Die deutschen Jungstars beherrschen das mittlerweile allesamt. Während die Generation Klose und auch noch die Generation Ballack noch im Absondern von Phrasen geschult wurden und sich auch nicht weiterentwickelt haben, sind die nachfolgende Generation bereits ganz andere Kaliber.

Österreich hat aktuell nicht einmal noch das Niveau Ballack erreicht. Das hat natürlich auch damit zu tun, dass von der Natur auschließlich mit fußballerischer Begabung gezeichnete Akteure der Marke Podolski hierzulande immer noch eine Mehrheit stellen (was wiederum auf die schwächlichen Förderstrukturen und auch peinlich überholtes Distinktions-Gehabe der Marke "Jeda, dea wos a Madura hod, kon ned gickn" zurückzuführen ist), aber auch auf die die eklatante heimische Taktik-Schwäche echoende Fortbildungsresistenz in Verantwortungskreisen.

Duftmarken und Erkennungsmelodien

Musterbespiel: Steffen Hofmann, vorbildlicher Rapid-Kapitän, Role Model in vielerlei Hinsicht, aber, wenn er den Mund aufmacht, der nichtssagendste und ödeste Typ der Welt. Noch dazu einer, der merklich Widerwillen hat sich zu äußern.
An diesem Nicht-Ideal orientiert sich der Rest der heimischen Kicker.

Eine der großen Ausnahmen, der Austria-Verteidiger Manuel Ortlechner, wird einer der Gäste in der FM4-Jahresausklangs-Interview-Reihe "Das FM4 Jahrbuch: Menschen 2010" sein. Ab Montag zeichnen acht Porträts der "Klasse von 2010". Eine Jahresrückschau via persönlicher Gespräche. Unter anderem eben mit Ortlechner.

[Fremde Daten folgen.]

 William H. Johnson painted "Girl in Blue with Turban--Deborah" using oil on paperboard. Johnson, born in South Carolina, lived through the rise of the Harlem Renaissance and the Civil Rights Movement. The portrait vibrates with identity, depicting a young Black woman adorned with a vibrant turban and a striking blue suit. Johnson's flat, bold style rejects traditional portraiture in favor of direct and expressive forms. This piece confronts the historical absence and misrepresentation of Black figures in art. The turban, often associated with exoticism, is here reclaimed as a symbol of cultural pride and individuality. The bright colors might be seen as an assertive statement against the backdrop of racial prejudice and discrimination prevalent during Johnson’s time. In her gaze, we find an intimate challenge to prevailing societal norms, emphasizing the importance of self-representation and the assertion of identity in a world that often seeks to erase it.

Die Spieler pro Mannschaft, die einen über inhaltliches Nullgewicht hinausgehenden Satz äußern können, sind an einer Hand abzuzählen. In der Nationalmannschaft sind es - und deswegen mein Scharner-Beispiel - meist die Legionäre, die die Pappn überhaupt aufkriegen. Sonst: ein paar Oldies (Macho, Janko, auch Wallner). Unter den Jungen sind Jantscher, Schiemer und Beichler Einäugig unter Blinden.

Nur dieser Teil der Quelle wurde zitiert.